Julia Cameron, Prayers To The Great Creator

I not only cherish those who came before me, but more importantly the stories they created, the beginnings they left behind for us to continue writing chapter after chapter. As a child, I sat mesmerized as my aunts and uncles described the sacrifices they made for freedom. A freedom they longed for not merely for themselves, but for their children and their grandchildren…us. To eight-year-old me, they sounded like the bravest warriors of my children’s books, forging ahead with the armor of a thousand prayers. When they told stories of dressing up and attending dances in their suits and pretty dresses, I spun around the living room imagining I was them circling the dance floor to the beat of a silent band just as I pretended to be a princess the first time I read The Twelve Dancing Princesses. Through the years, the protagonists of my favorite reads have taken a back seat to those of my own history. 

My grandparents, my dad’s parents, raised eleven children on the small island of Cuba at a time when communism wasn’t something they ever imagined could make it to their shores. They lived a life far from the one Cubans endure these days. It was one of many large family gatherings, a comfortable home, food in abundance, and hopes and dreams that still seemed possible. Each of those children added pages to the book that is our family story. My other grandparents, my mom’s parents, raised an only child on that same island. Their life looked a bit different but was just as plentiful. My mom was raised with a little ocean water coursing through her veins as she experienced the island life on the beaches of Varadero. They owned a small grocery store and never experienced hunger until the government stripped them of their own business. What a love story my parents’ story is! Right up there with Jayne Eyre’s Pride and Prejudice. 

It is my story too and will be my children’s story and my grandchildren’s story to be carried on for generations to come as each of the true-life characters in our family story adds to our story. We live on in those who’ve left us. Our children will live on in us just the same. And truth be told these words will live on as well as a testament of our once upon a time, an ending we cannot see, and all the many beautiful chapters in between; but only if we learn our history and share it freely with our children whose bloodline continues our story. 
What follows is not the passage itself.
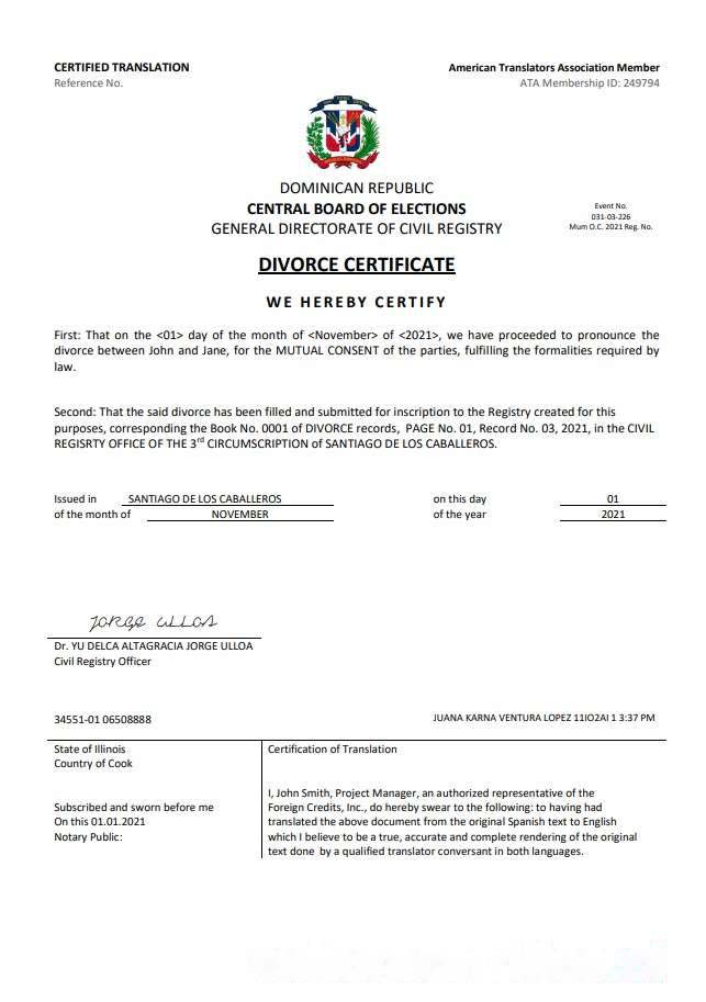 Be the first to review “Dominican Republic divorce certificate template in Word format download template file”

3 thoughts on “The Stories We Bleed

  1. As a hopefully wise adult, I am realizing that no matter how much I try to be objective in listening to people (especially family) my hearing goes through the filter of “Dad” or some other noun . My gift to those I listen to is for me to respond to them in openness ,understanding , respect and love. For me this is a difficult task but easily one worth achieving. My motto has been not to worry about the past, it’s gone and you have no control over it. Dont worry about the future it’s not here yet , you still have no control. The only control we have in life is how we respond to “ right now”. I have a choice and I pray that I am led to the honorable decision.

    1. It is sometimes difficult to listen to those we love without wanting to fix or steer under the guise of advice. Taking a step back and just listening openly and patiently is often the better approach. Easier said than done for me!! Thanks for sharing your thoughts here.

  2. Those who don’t learn from their history are doomed to repeat it. Can we instill in our children the same hopes and dreams we were lucky to grow up in. I sure hope so, but it looks bleak today.